**Problem requirements:**
The required output is the lines below from the line containing "check beanie Highlights" to the line containing "The salves are", inclusive, retyped exactly. No other lines belong in it.
──────── Exercise data ────────
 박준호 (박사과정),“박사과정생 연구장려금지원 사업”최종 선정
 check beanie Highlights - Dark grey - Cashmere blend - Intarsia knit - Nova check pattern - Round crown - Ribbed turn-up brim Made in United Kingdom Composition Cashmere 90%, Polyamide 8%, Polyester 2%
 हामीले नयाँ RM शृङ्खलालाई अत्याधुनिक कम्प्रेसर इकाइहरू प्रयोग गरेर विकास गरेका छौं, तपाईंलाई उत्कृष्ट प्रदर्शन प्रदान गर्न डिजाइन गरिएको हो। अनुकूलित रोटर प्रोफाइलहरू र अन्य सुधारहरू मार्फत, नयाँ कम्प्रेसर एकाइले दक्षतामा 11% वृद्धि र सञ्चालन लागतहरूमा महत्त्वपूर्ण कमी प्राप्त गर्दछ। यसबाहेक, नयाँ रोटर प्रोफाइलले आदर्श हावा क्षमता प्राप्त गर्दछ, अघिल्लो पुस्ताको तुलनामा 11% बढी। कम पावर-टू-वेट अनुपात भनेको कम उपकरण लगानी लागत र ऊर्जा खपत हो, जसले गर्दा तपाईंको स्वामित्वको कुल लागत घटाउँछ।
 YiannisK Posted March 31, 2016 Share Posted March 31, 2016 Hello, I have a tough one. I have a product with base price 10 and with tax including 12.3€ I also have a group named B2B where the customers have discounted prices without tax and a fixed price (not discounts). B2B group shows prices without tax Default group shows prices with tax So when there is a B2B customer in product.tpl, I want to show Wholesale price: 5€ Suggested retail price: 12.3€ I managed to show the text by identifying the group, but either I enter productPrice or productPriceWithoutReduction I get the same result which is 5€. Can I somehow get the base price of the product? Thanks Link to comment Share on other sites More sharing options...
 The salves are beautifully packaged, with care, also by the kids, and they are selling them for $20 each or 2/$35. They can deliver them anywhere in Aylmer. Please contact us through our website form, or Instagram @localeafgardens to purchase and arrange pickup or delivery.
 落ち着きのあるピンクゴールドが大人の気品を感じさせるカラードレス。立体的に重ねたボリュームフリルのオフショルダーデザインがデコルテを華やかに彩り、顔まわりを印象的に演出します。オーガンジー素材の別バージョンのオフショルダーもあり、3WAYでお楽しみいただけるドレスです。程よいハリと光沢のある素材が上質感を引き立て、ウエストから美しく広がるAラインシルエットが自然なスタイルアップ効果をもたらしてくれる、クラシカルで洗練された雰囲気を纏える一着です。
────────
──────── Exercise data ────────
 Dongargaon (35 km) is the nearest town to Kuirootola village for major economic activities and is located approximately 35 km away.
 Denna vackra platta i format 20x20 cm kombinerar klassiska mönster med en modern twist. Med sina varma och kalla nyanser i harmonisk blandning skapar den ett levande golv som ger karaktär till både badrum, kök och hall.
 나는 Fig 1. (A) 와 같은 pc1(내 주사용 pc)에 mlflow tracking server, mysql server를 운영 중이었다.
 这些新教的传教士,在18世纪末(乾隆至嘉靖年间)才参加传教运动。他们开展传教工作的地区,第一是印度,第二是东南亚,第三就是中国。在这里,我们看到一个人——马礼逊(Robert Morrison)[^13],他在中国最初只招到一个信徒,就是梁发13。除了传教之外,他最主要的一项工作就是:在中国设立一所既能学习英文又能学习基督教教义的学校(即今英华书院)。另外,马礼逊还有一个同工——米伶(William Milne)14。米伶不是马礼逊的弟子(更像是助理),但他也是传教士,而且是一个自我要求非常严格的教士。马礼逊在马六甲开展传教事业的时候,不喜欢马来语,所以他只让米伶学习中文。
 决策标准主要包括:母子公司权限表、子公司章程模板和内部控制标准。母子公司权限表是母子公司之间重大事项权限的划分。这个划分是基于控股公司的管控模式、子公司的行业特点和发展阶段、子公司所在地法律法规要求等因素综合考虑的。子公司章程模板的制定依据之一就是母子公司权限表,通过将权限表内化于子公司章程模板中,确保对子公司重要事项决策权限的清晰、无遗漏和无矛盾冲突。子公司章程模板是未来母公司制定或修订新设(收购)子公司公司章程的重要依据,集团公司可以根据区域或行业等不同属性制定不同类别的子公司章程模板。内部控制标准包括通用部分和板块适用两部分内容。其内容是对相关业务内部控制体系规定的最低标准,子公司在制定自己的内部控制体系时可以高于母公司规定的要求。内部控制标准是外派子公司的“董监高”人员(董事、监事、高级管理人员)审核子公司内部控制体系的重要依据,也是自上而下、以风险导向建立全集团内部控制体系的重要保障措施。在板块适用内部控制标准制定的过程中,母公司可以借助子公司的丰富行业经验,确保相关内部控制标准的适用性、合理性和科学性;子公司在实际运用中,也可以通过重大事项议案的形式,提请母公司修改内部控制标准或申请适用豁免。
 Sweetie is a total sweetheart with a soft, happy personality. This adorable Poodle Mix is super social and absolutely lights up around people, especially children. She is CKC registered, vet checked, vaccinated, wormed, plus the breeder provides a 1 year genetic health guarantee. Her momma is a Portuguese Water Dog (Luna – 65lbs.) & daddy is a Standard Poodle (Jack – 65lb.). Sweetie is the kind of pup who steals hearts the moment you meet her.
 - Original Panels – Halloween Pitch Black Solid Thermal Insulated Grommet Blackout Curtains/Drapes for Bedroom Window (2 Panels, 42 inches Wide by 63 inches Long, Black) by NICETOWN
────────
**Output of the task:**
 check beanie Highlights - Dark grey - Cashmere blend - Intarsia knit - Nova check pattern - Round crown - Ribbed turn-up brim Made in United Kingdom Composition Cashmere 90%, Polyamide 8%, Polyester 2%
 हामीले नयाँ RM शृङ्खलालाई अत्याधुनिक कम्प्रेसर इकाइहरू प्रयोग गरेर विकास गरेका छौं, तपाईंलाई उत्कृष्ट प्रदर्शन प्रदान गर्न डिजाइन गरिएको हो। अनुकूलित रोटर प्रोफाइलहरू र अन्य सुधारहरू मार्फत, नयाँ कम्प्रेसर एकाइले दक्षतामा 11% वृद्धि र सञ्चालन लागतहरूमा महत्त्वपूर्ण कमी प्राप्त गर्दछ। यसबाहेक, नयाँ रोटर प्रोफाइलले आदर्श हावा क्षमता प्राप्त गर्दछ, अघिल्लो पुस्ताको तुलनामा 11% बढी। कम पावर-टू-वेट अनुपात भनेको कम उपकरण लगानी लागत र ऊर्जा खपत हो, जसले गर्दा तपाईंको स्वामित्वको कुल लागत घटाउँछ।
 YiannisK Posted March 31, 2016 Share Posted March 31, 2016 Hello, I have a tough one. I have a product with base price 10 and with tax including 12.3€ I also have a group named B2B where the customers have discounted prices without tax and a fixed price (not discounts). B2B group shows prices without tax Default group shows prices with tax So when there is a B2B customer in product.tpl, I want to show Wholesale price: 5€ Suggested retail price: 12.3€ I managed to show the text by identifying the group, but either I enter productPrice or productPriceWithoutReduction I get the same result which is 5€. Can I somehow get the base price of the product? Thanks Link to comment Share on other sites More sharing options...
 The salves are beautifully packaged, with care, also by the kids, and they are selling them for $20 each or 2/$35. They can deliver them anywhere in Aylmer. Please contact us through our website form, or Instagram @localeafgardens to purchase and arrange pickup or delivery.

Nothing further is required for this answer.